### EXERCISE DETAILS
The lines below, from the first through the one containing "Pia und ich", are to be given again exactly, with pictures left out and nothing added.

(Data records)
[Start of Attachment]

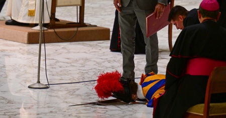 Sono intervenuti gli uomini della sicurezza presenti nella sala e alcuni soccorritori che hanno aiutato il milite a rialzarsi dopo qualche istante salutato da un caloroso applauso dei fedeli.
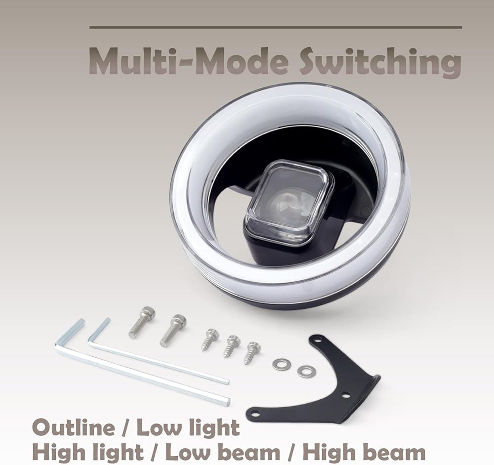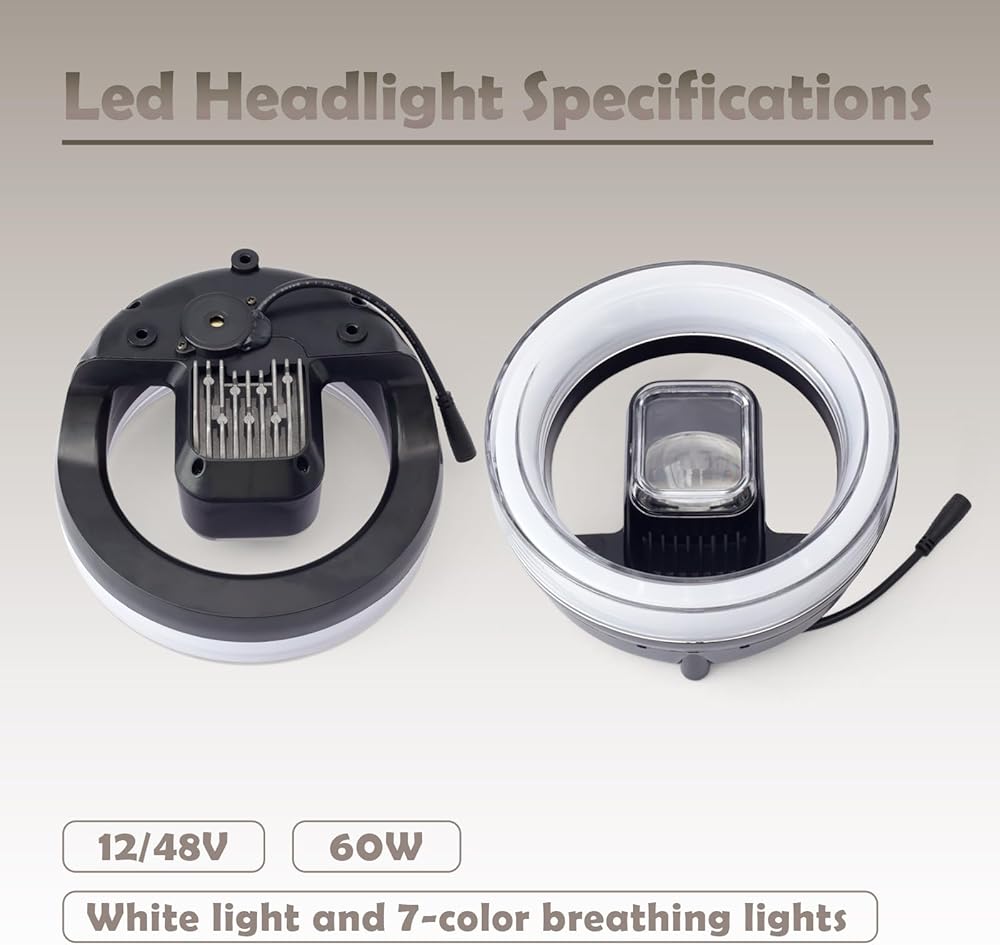 Product Specifications: 12/48V, 60W, outline/low light/high light, low beam/high beam, white light and 7-color breathing lights. Comprehensive functions for a comfortable riding experience
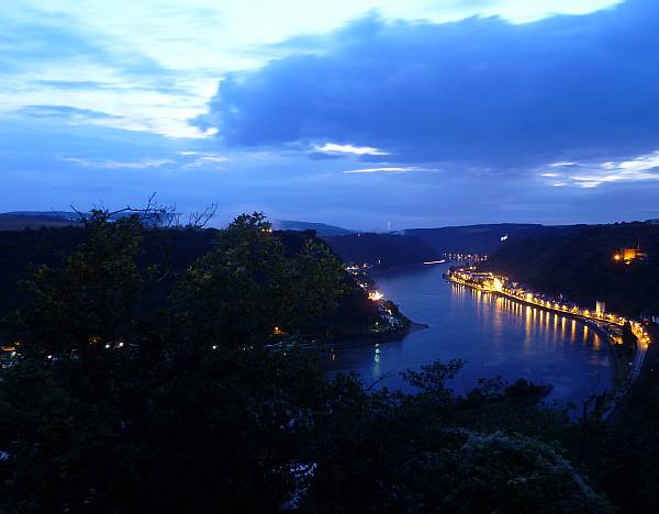 Pia und ich wanderten vor dem letzten Lied nach oben, betrachteten das Geschehen von einem erhabenen Standpunkt und verabschiedeten uns dann vom Gelände, derweil die Zugabe in den letzten Zügen lag. Mit der Musik von New Model Army kraxelten wir die Lorelei hinab. Dunkel wars geworden und mit einem Taschenlämpchen leuchteten wir uns den Weg, der steil und teils rutschig war. Am Rhein parkte noch unser Golf, der auch sofort ansprang und alsbald rollten wir am mächtigen Fluß entlang Richtung Heimat. Ob die Saisoneröffnung wohl ins Wasser gefallen war?
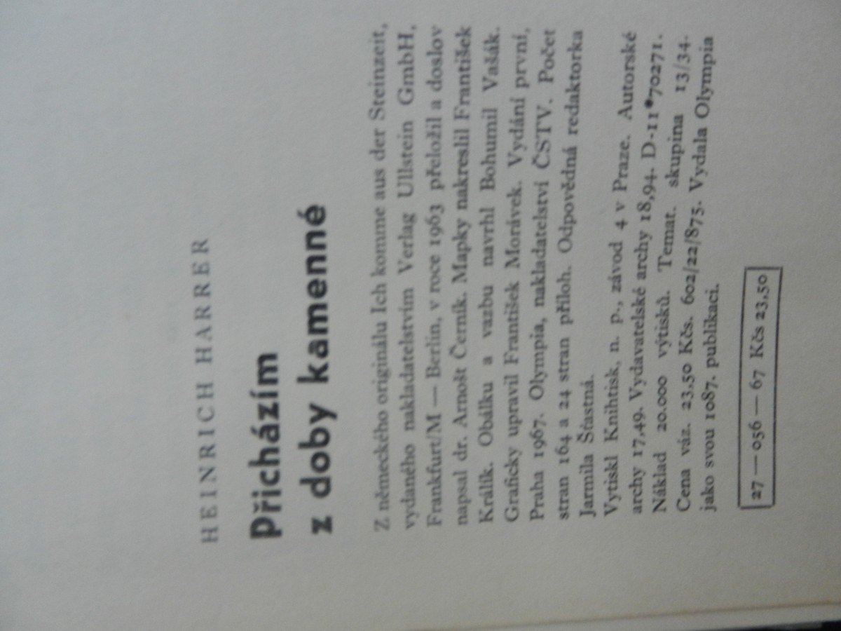 | Digitalizovaná tiráž: | HEINRICH HARRER Přicházím z doby kamenné - Z německého originálu Ich komme aus der Steinzeit, vydaného nakladatelstvím Verlag Ullstein GmbH, Frankfurt/M Berlin, v roce 1963 přeložil a doslov napsal dr. Arnošt Černik. Mapky nakreslil František Králik. Obálku a vazbu navrhl Bohumil Vašák. Graficky upravil František Morávek. Vydání první, Praha 1967. Olympia, nakladatelství ČSTV. Počet stran 164 a 24 stran příloh. Odpovědná redaktorka Jarmila Stastná. Vytiskl Knihtisk, n. p., závod 4 v Praze. Autorské archy 17,49. Vydavatelské archy 18,94. D-11*70271. Náklad 20.000 výtisků. Temat. skupina 13/34- Cena váz. 23,50 Kčs. 602/22/875. Vydala Olympia jako svou 1087. publikaci. 27 -056-67 Kčs 23,50 |
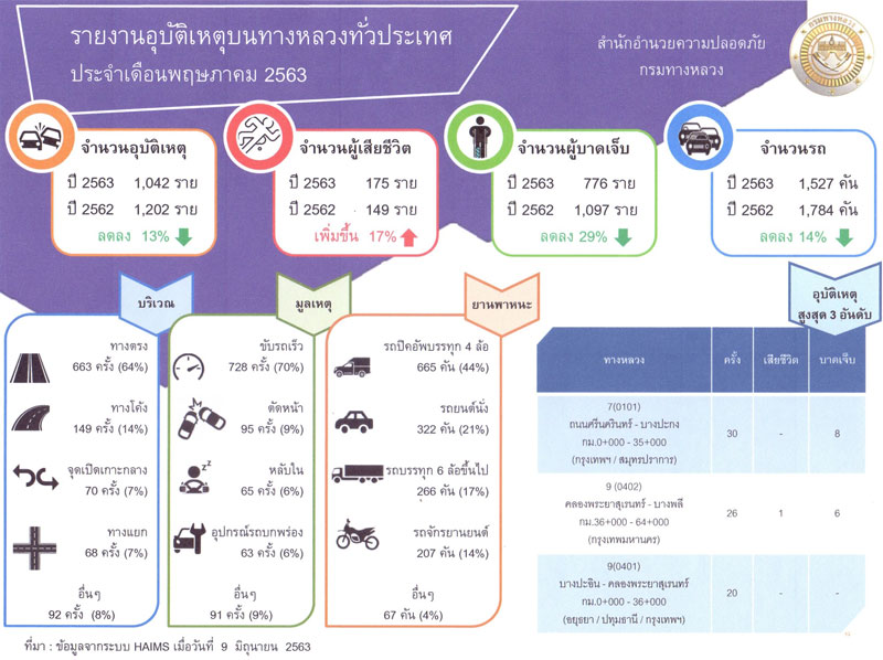 โดยสำนักอำนวยความปลอดภัย ได้สรุปรายงานข้อมูลอุบัติเหตุบนทางหลวงทั่วประเทศประจำ เดือนพฤษภาคม 2563 จากการรายงานอุบัติเหตุทางระบบ HAIMS พบว่า อุบัติเหตุเกิดขึ้นบนทางหลวงในความรับผิดชอบของกรมทางหลวง จำนวน 1,042 ครั้ง ทำให้มีผู้เสียชีวิต 175 คน ได้รับบาดเจ็บทั้งสิ้น 776 คน จำนวน รถที่เกิดอุบัติเหตุ 1,527 คัน เป็นเหตุให้ทรัพย์สินของกรมทางหลวงเสียหายประมาณ 12 ล้านบาท เมื่อเปรียบเทียบสถิติอุบัติเหตุประจำเดือนพฤษภาคม ๒๕62 จำนวนอุบัติเหตุลดลงจากปีที่ผ่านมา 13% ผู้เสียชีวิตเพิ่มขึ้น 17% บาดเจ็บลดลง 29% จำนวนรถที่เกิดอุบัติเหตุลดลง 14%

[End of Attachment]

### YOUR SOLUTION
 Sono intervenuti gli uomini della sicurezza presenti nella sala e alcuni soccorritori che hanno aiutato il milite a rialzarsi dopo qualche istante salutato da un caloroso applauso dei fedeli.
 Product Specifications: 12/48V, 60W, outline/low light/high light, low beam/high beam, white light and 7-color breathing lights. Comprehensive functions for a comfortable riding experience
 Pia und ich wanderten vor dem letzten Lied nach oben, betrachteten das Geschehen von einem erhabenen Standpunkt und verabschiedeten uns dann vom Gelände, derweil die Zugabe in den letzten Zügen lag. Mit der Musik von New Model Army kraxelten wir die Lorelei hinab. Dunkel wars geworden und mit einem Taschenlämpchen leuchteten wir uns den Weg, der steil und teils rutschig war. Am Rhein parkte noch unser Golf, der auch sofort ansprang und alsbald rollten wir am mächtigen Fluß entlang Richtung Heimat. Ob die Saisoneröffnung wohl ins Wasser gefallen war?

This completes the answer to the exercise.